U.S. regulators give approval to Chinese firm's purchase of Smithfield

By Derrick Cain

© Copyright Agri-Pulse Communications, Inc.



WASHINGTON, Sept. 6, 2013 - A U.S. government panel today approved the purchase of Smithfield Foods, the largest U.S. pork producer, by Chinese firm Shuanghui International, in a move valued at about $7.1 billion and representing the largest purchase of a U.S. company by China.

The Committee on Foreign Investment in the United States (CFIUS), an inter-agency committee chaired by the treasury secretary and authorized to review transactions involving U.S. businesses being bought by a foreign entity, approved the merger after a 45-plus day review.

The transaction remains subject to Smithfield shareholder approval, which is scheduled for a vote on Sept. 24.

Globally Positioned Agriculture

Shuanghui International is part of China's largest meat processing enterprise and its largest publicly traded meat products company. Under the terms of the agreement, Shuanghui would acquire all of the outstanding shares of Smithfield for $34.00 per share in cash.

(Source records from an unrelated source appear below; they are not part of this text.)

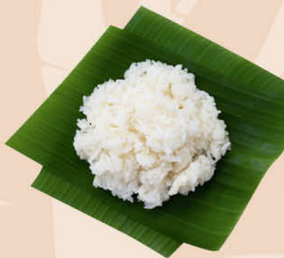
Рис MARKET COLLECTION Для японской кухни шлифованный, 500 г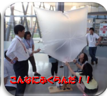
こんなにふくらんだ！！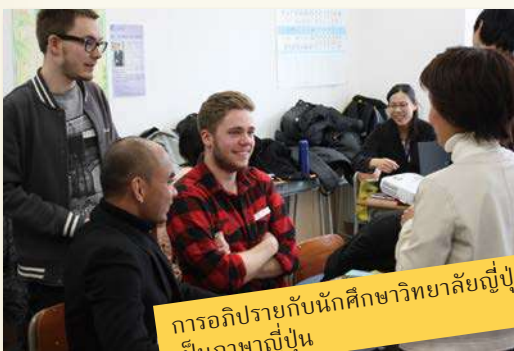
การอภิปรายกับนักศึกษาวิทยาลัยญี่ปุ่นเป็นภาษาญี่ปุ่น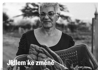
Jídlem ke změně

“This transaction will create a leading global animal protein enterprise,” said Zhijun Yang, chief executive officer of Shuanghui International. “Shuanghui International and Smithfield have a long and consistent track record of providing customers around the world with high-quality food, and we look forward to moving ahead together as one company.”

C. Larry Pope, Smithfield chief executive officer and president, added, “We are pleased that this transaction has been cleared by CFIUS, and we thank the committee for its careful attention to this review.”  

The merger has drawn congressional scrutiny in regards to food safety, as well as concerns about drug safety.

Senate Agriculture, Nutrition and Forestry Committee Chairwoman Debbie Stabenow, D-Mich., noted that because the CFIUS review includes issues of national security, it is done in secret with no public oversight or transparency. 

“It remains unclear what factors the [CFIUS] took into account in making its decision,” Stabenow said. “We still do not know if the potential impact on American food security, the transfer of taxpayer funded innovation to a foreign competitor, or China's protectionist trade barriers were considered.”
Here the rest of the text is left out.